ACTIVITY: I would like the lines below, from the one with "LUC ถุงหมีนอน 🐻💖" through the one with "Nine West Pink", copied exactly and without any pictures.

DATA IN THIS EXERCISE: Begin

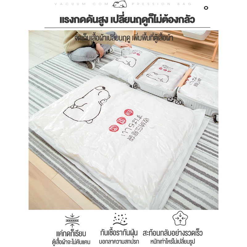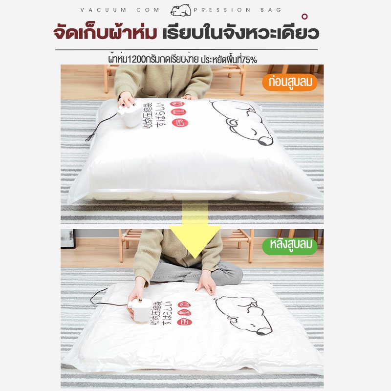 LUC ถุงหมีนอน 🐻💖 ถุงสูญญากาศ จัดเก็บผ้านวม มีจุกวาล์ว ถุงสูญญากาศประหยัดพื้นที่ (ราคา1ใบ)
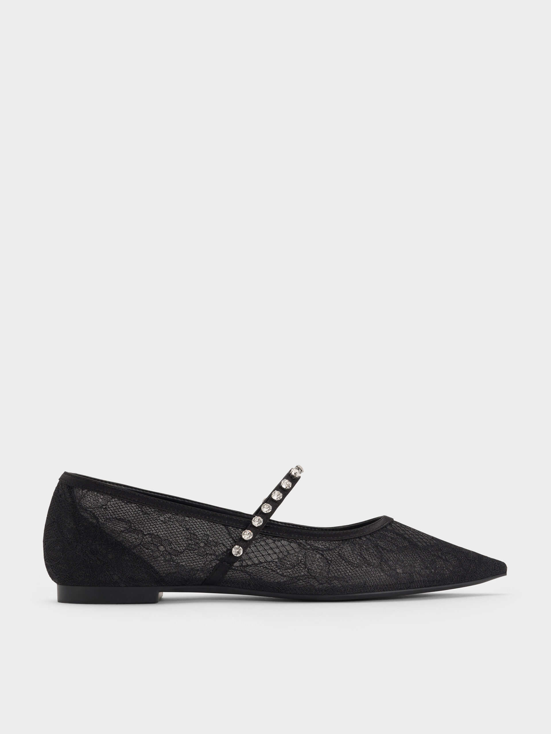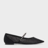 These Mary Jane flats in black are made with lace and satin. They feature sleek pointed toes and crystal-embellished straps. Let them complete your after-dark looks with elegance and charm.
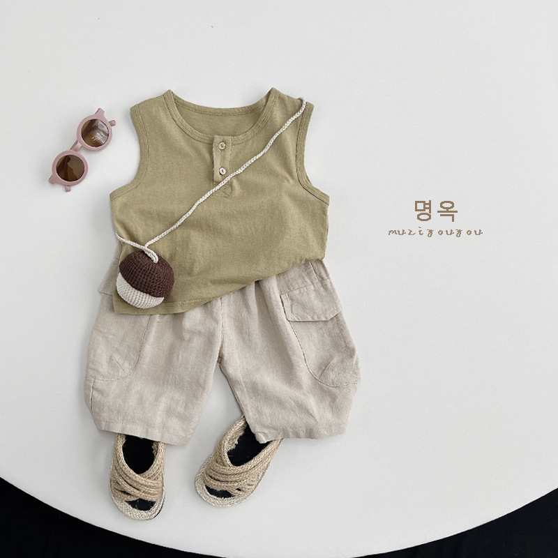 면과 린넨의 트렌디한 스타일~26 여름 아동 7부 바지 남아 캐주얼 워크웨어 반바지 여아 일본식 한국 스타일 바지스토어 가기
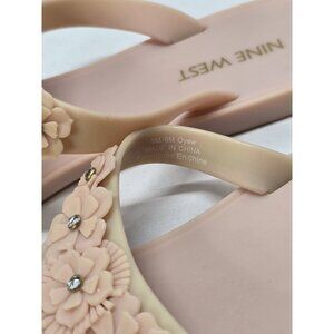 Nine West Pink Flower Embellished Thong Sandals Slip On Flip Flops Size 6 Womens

DATA IN THIS EXERCISE: End
DATA IN THIS EXERCISE: Begin

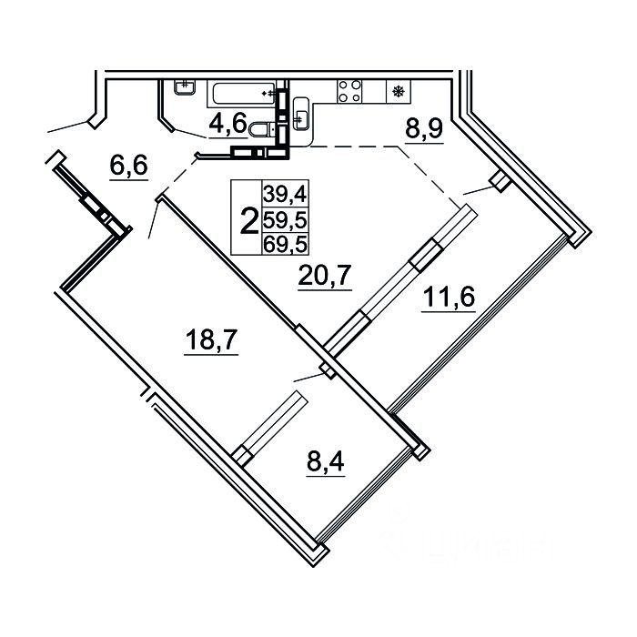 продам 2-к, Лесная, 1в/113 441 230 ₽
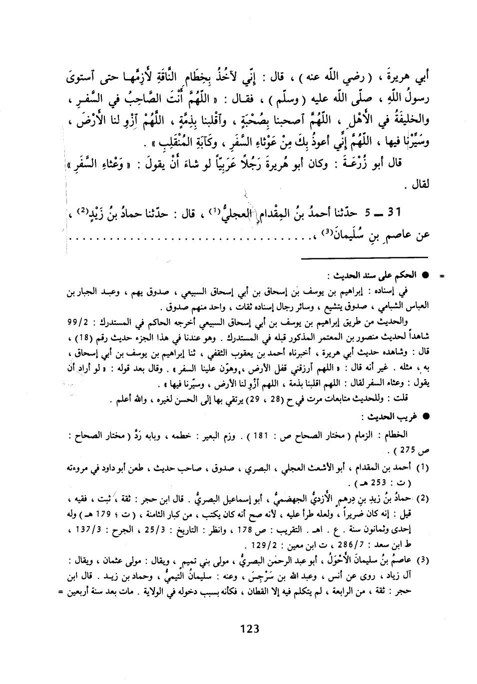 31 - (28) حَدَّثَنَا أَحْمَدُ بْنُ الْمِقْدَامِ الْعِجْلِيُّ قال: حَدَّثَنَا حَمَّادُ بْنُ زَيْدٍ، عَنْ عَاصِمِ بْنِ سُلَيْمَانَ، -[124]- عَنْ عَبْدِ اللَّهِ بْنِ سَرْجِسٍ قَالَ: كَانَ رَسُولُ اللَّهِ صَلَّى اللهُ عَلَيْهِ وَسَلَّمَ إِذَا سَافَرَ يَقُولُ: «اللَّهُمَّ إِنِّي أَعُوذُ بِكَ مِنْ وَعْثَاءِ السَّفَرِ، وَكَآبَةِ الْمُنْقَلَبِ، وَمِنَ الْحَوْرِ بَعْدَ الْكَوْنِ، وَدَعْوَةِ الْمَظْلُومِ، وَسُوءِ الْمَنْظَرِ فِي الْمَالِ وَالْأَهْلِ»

DATA IN THIS EXERCISE: End
DATA IN THIS EXERCISE: Begin

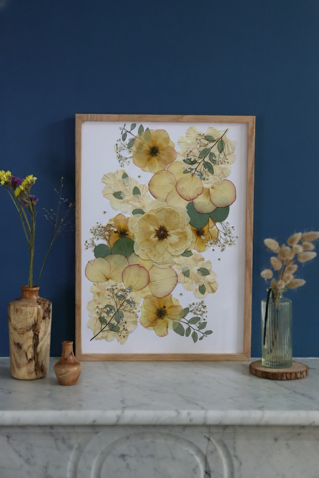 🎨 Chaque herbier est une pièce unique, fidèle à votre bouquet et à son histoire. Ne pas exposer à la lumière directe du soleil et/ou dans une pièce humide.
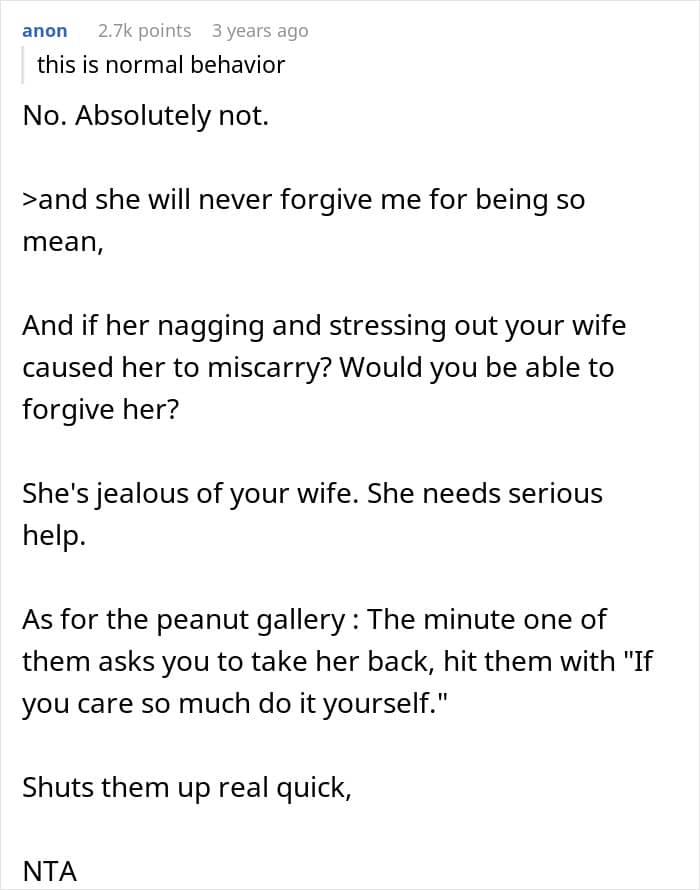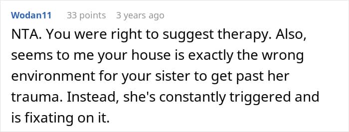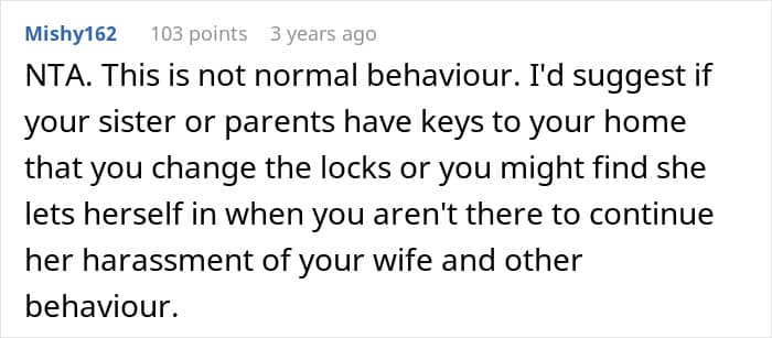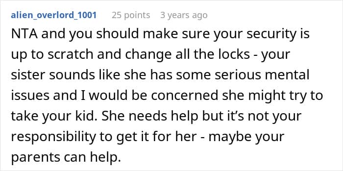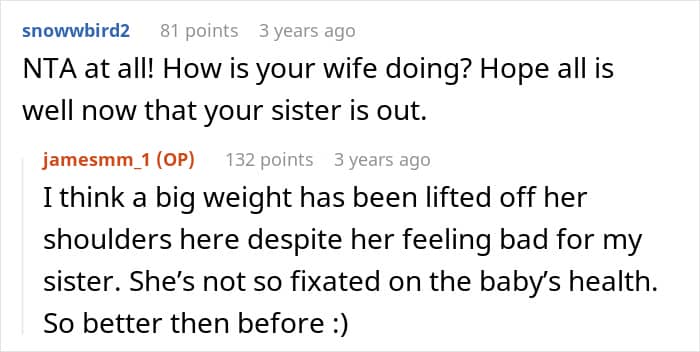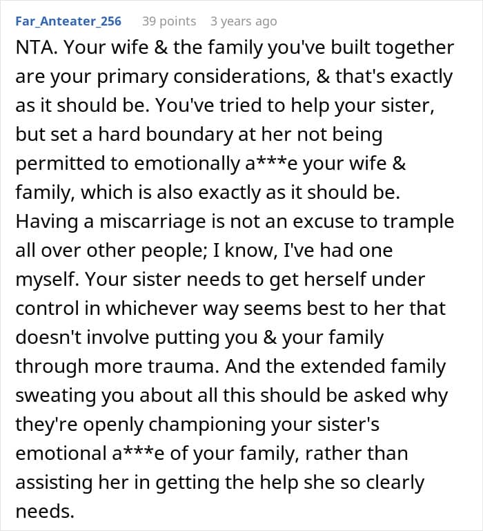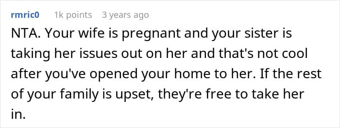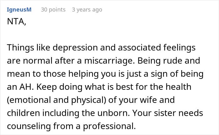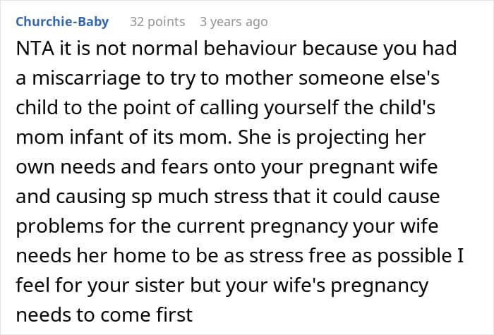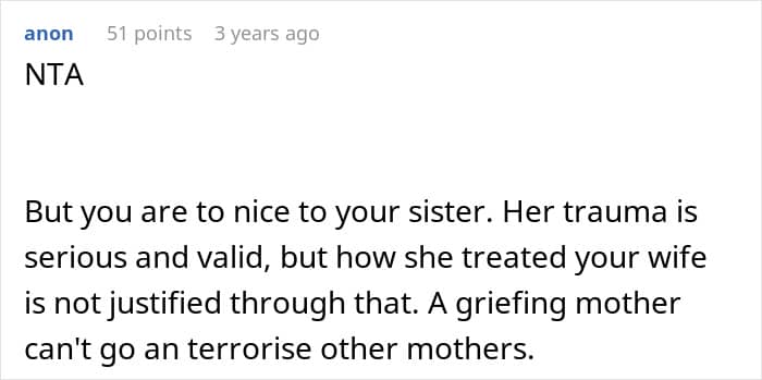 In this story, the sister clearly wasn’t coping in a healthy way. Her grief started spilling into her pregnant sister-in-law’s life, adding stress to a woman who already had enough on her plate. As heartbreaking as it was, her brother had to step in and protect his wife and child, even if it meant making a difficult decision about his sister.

DATA IN THIS EXERCISE: End

RESPONSE BELOW:
 LUC ถุงหมีนอน 🐻💖 ถุงสูญญากาศ จัดเก็บผ้านวม มีจุกวาล์ว ถุงสูญญากาศประหยัดพื้นที่ (ราคา1ใบ)
 These Mary Jane flats in black are made with lace and satin. They feature sleek pointed toes and crystal-embellished straps. Let them complete your after-dark looks with elegance and charm.
 면과 린넨의 트렌디한 스타일~26 여름 아동 7부 바지 남아 캐주얼 워크웨어 반바지 여아 일본식 한국 스타일 바지스토어 가기
 Nine West Pink Flower Embellished Thong Sandals Slip On Flip Flops Size 6 Womens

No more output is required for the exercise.